Would you please return only the lines from the one with "posterior 的变分近似。所以当你停止你的 SGD" through the last line of the records below, leaving the pictures out?

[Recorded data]
--
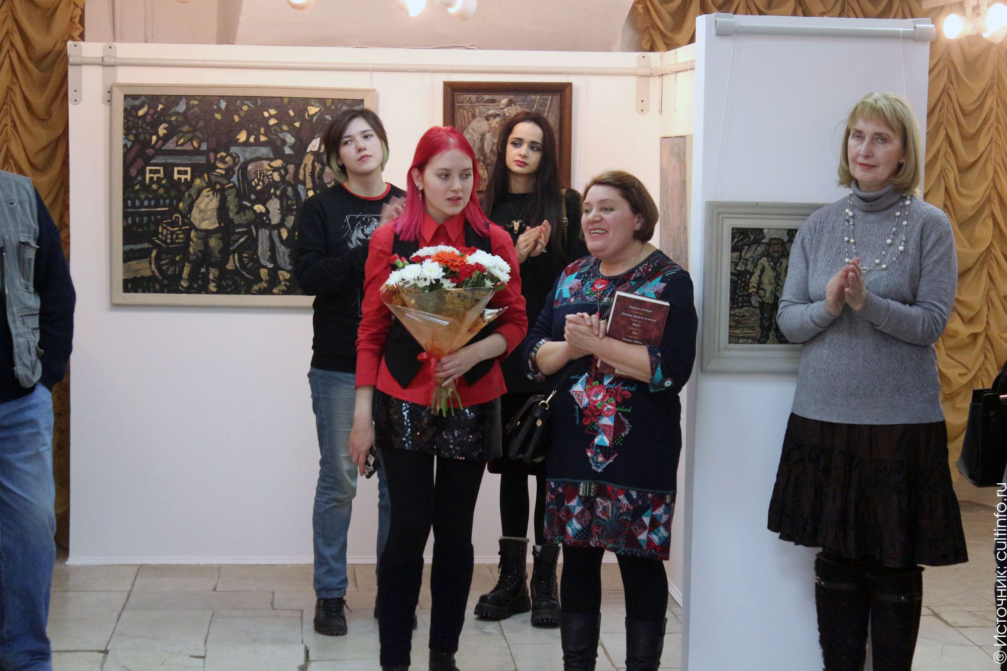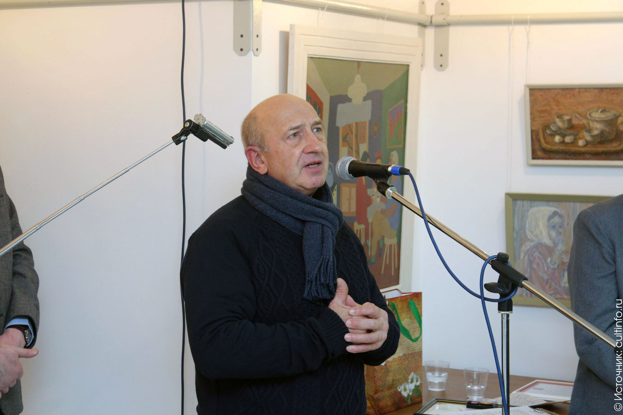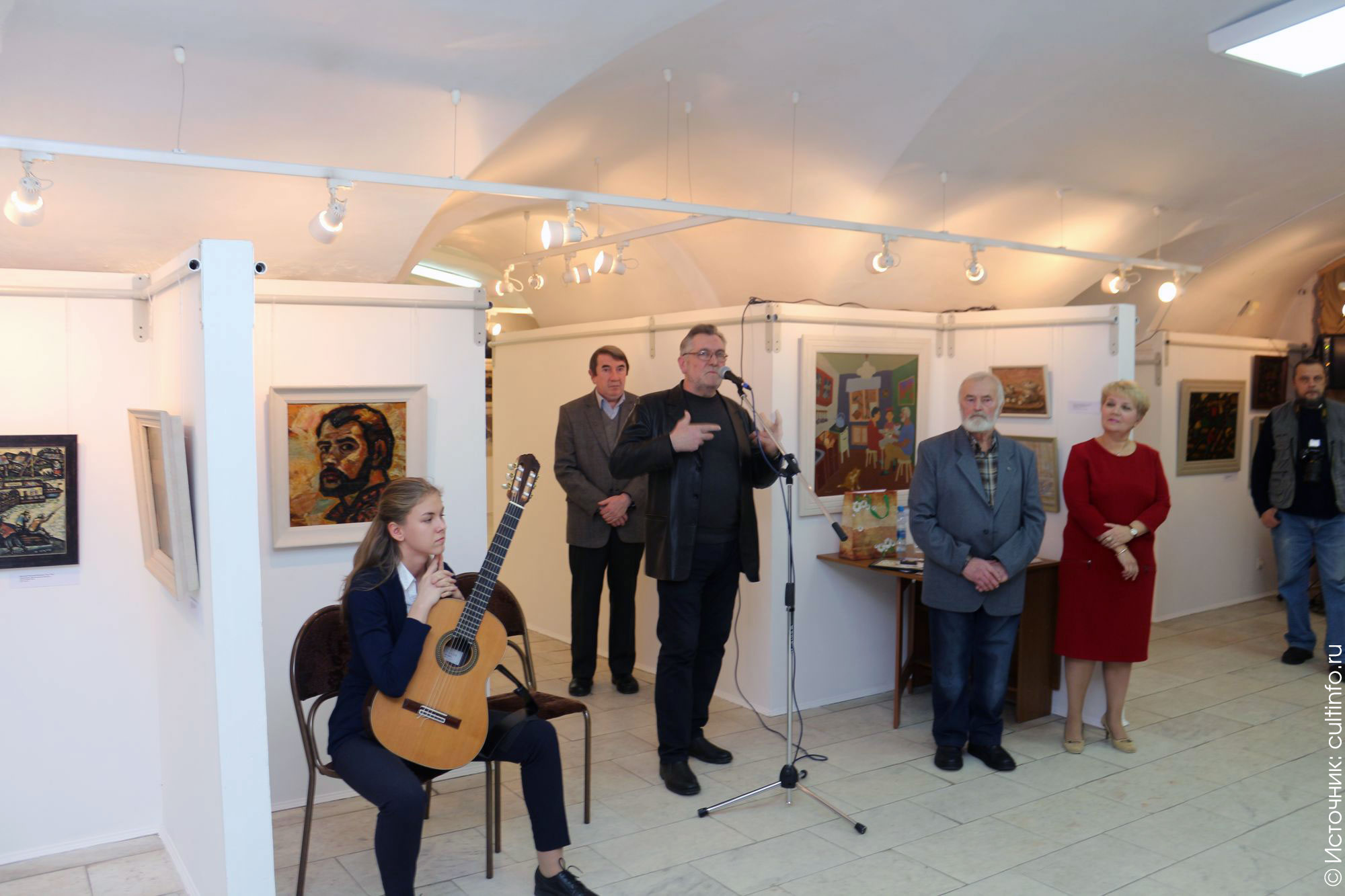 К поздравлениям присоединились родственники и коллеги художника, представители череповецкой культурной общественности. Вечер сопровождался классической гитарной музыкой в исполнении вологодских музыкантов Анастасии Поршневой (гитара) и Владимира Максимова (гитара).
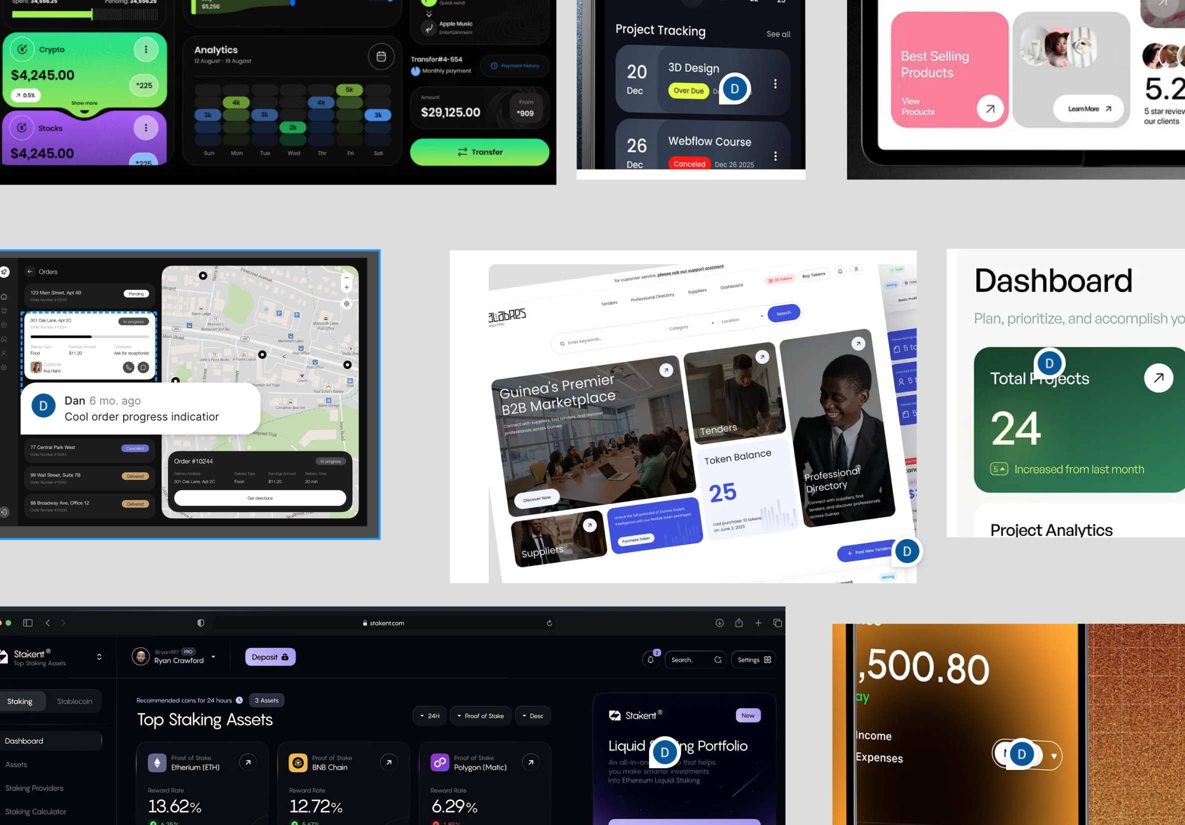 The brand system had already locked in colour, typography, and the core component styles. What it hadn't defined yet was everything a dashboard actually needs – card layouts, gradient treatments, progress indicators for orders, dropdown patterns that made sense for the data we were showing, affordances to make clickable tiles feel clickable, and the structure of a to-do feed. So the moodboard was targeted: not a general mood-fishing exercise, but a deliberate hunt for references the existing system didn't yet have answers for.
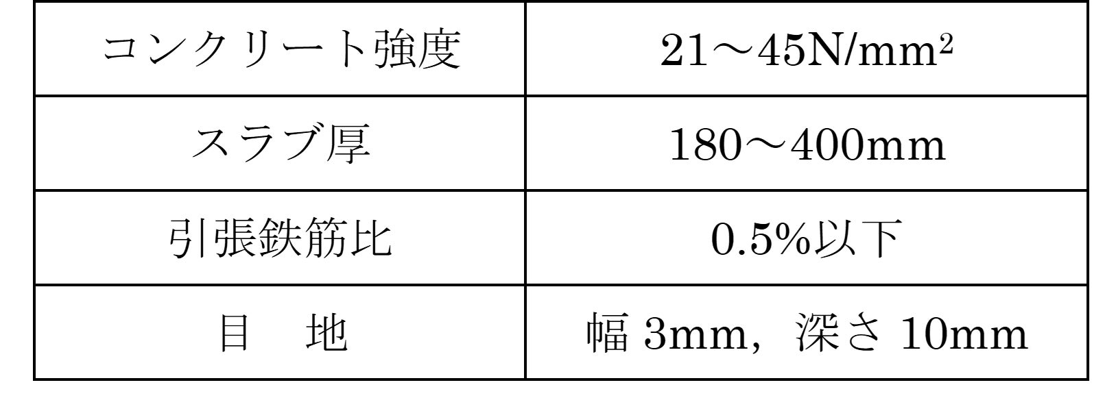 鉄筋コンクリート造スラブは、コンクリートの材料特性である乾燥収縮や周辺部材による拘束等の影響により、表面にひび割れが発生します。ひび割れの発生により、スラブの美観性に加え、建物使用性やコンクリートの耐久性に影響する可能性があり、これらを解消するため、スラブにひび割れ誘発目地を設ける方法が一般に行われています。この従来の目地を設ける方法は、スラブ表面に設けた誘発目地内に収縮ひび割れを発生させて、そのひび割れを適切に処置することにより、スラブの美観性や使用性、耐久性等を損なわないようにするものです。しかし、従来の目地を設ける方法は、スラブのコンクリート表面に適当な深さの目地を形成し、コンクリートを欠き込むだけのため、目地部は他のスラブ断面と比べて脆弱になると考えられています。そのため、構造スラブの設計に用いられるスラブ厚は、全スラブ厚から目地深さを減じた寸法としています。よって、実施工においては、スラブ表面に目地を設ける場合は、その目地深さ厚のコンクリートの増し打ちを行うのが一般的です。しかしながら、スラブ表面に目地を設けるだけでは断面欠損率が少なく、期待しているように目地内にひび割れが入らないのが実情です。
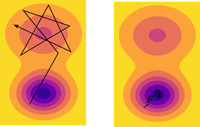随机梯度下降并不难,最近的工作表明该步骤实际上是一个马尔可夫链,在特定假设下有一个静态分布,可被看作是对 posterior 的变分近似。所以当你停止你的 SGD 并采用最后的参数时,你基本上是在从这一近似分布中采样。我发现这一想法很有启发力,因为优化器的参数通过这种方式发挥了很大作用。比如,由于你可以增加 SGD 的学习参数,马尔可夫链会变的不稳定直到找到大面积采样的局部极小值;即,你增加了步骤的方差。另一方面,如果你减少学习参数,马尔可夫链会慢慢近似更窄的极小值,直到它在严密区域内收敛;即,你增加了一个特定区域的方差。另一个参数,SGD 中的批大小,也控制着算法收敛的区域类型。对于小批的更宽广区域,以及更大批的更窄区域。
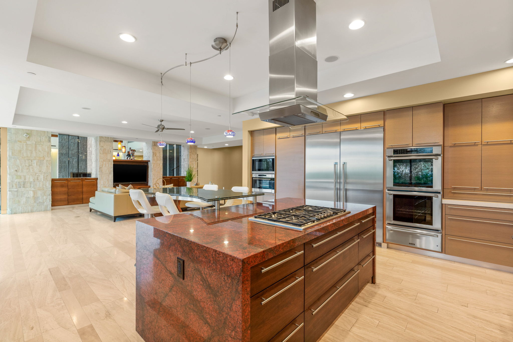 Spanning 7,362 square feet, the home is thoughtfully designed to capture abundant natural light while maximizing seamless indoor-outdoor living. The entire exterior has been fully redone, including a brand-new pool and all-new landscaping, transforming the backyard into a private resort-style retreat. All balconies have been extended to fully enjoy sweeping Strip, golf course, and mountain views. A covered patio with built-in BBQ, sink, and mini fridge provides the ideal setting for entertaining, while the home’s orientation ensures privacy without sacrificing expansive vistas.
--
[SOLUTION FOR THIS PROBLEM]
随机梯度下降并不难,最近的工作表明该步骤实际上是一个马尔可夫链,在特定假设下有一个静态分布,可被看作是对 posterior 的变分近似。所以当你停止你的 SGD 并采用最后的参数时,你基本上是在从这一近似分布中采样。我发现这一想法很有启发力,因为优化器的参数通过这种方式发挥了很大作用。比如,由于你可以增加 SGD 的学习参数,马尔可夫链会变的不稳定直到找到大面积采样的局部极小值;即,你增加了步骤的方差。另一方面,如果你减少学习参数,马尔可夫链会慢慢近似更窄的极小值,直到它在严密区域内收敛;即,你增加了一个特定区域的方差。另一个参数,SGD 中的批大小,也控制着算法收敛的区域类型。对于小批的更宽广区域,以及更大批的更窄区域。
 Spanning 7,362 square feet, the home is thoughtfully designed to capture abundant natural light while maximizing seamless indoor-outdoor living. The entire exterior has been fully redone, including a brand-new pool and all-new landscaping, transforming the backyard into a private resort-style retreat. All balconies have been extended to fully enjoy sweeping Strip, golf course, and mountain views. A covered patio with built-in BBQ, sink, and mini fridge provides the ideal setting for entertaining, while the home’s orientation ensures privacy without sacrificing expansive vistas.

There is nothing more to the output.